New Yorkers are seeing a glimmer of hope for online casinos becoming legal in the state in 2025. That’s because perhaps the smoothest path to bills becoming law, the governor’s budget, may need to include an additional funding source for the Metropolitan Transportation Authority (MTA).
In January, Gov. Kathleen C. Hochul is scheduled to publish her executive budget. It tends to be a combination of her proposals and budget requests from the agencies that reported their needs by her Oct. 17 deadline. Public transportation is expected to have a large gap between its funding needs vs. income sources.
Meanwhile, the Fiscal Year 2026 proposals can also include bills from legislators, like the iGaming and iLottery bill that state Sen. Joseph P. Addabbo Jr. has long advocated.
Bonus asked Addabbo, D-Woodhaven, if he thinks recent comments about that budget show an opportunity for New York online casinos to enter Hochul’s agenda.
Addabbo told Bonus on Oct. 17:
I always look for a window for iGaming.
He has already promised to introduce a 2025 bill to legalize online casinos, poker rooms, and an online lottery.
A refrain in Addabbo’s interviews with Bonus is he wants New York’s 20 million residents to have safer online gambling options than the current illegal offshore sites he knows they’re using.
Regulation would also benefit state coffers by bringing in “billions” of tax dollars, he has said.
That revenue expectation is likely accurate. The legislation Addabbo proposed in 2024 called for a 30.5% tax rate on online casinos and poker rooms.
In states with iGaming and sports betting, online casinos bring in 70% of the revenue, Bonus research finds.
The other 30% comes from taxing sportsbooks.
In New York, those tax receipts are already substantial. The Empire State’s nine sportsbooks launched on Jan. 8, 2022. Since then, the 51% tax rate on operators has yielded $2,213,268,918, according to Legal Sports Report.
Bonus and LSR are Catena Media publications.
What Hope for New York iGaming Looks Like
At the last minute, Hochul removed $1 billion in MTA funding from the Fiscal Year 2025 budget. She announced on June 5 that she would not enact congestion pricing, which would have tolled commuters when their vehicles entered Manhattan below 60th Street.
She didn’t replace the funding.
However, it appears the 2026 executive budget will be different.
New York Budget Director Blake G. Washington said so on Oct. 4.
That day, Jack Arpey wrote about Washington’s take on Hochul’s budget for Spectrum News 1:
Will it include a revenue replacement for congestion pricing?
‘I think the next possible opportunity to deal with it will be in the budget.

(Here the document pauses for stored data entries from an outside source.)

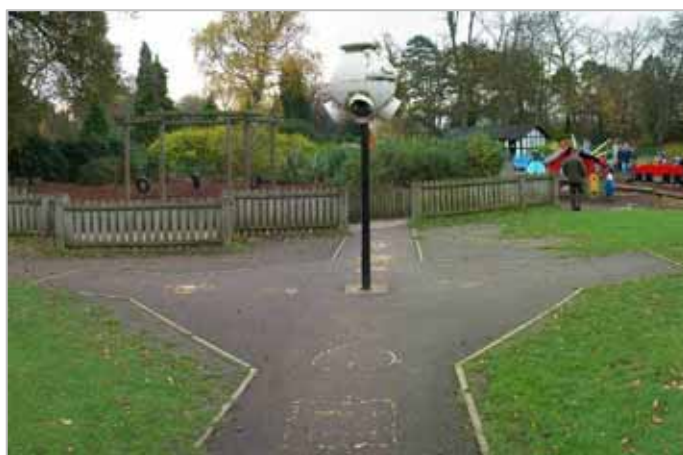
2007 Worn play surface markings

A serpentine path leads up the gentle grassed slope towards the aviaries which stand to the north of this fenced area. Green iron railings separate the area from the busy A435 Evesham Road to the west. To the side of this path is a large expanse of grass which is ideal for free play and is popular with families and older children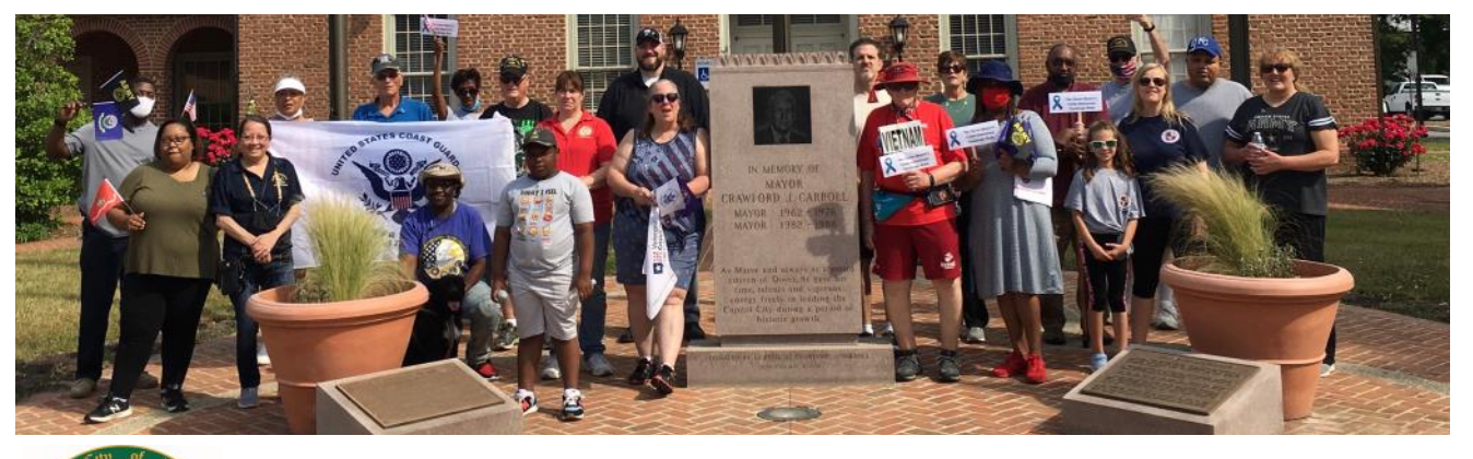
The Dover Mayor's Crisis Awareness Challenge Walk Successfully walked on Saturday May 22nd.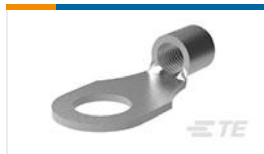
TE Part #321879 TERMINAL,SOLIS R 4/0 7/16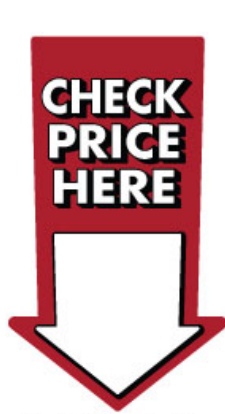
Two Sided Hanging Sign

So, yes,’ Washington said.
Plus, Hochul doesn’t want to “increase personal income taxes,” Washington said.
Washington was answering reporters’ questions on Oct. 4 because, on Oct. 1, he sent a letter to leaders of the New York agencies telling them to keep their budget requests the same as they were in Fiscal Year 2025. That enacted budget was $237 billion.
So, how will the $2.3 billion shortfall be fixed?
Enter the opportunity for New York iGaming.
However, Hochul may still feel the need to address concerns from the union representing New York’s retail casino workers. In 2024, Bhav Tibrewal — political director at the Hotel and Gaming Trades Council (HTC) — told Bonus his union unequivocally opposed legalizing online casinos and poker rooms.
Also, the upcoming income stream for which Tibrewal’s union did advocate — fees and revenue taxation on three downstate retail casino licenses — won’t begin entering New York coffers until at least June 27, 2025. That’s when each application for the licenses will cost $1 million to file.
The larger fees for the full casino licenses, which Addabbo expects will approach $3 billion, won’t come until at least Dec. 31, 2025. That’s when the New York State Gaming Commission (NYSGC) is expected to pick winning bidders.
That’s why New York iGaming may have a chance to enter Hochul’s budget in January.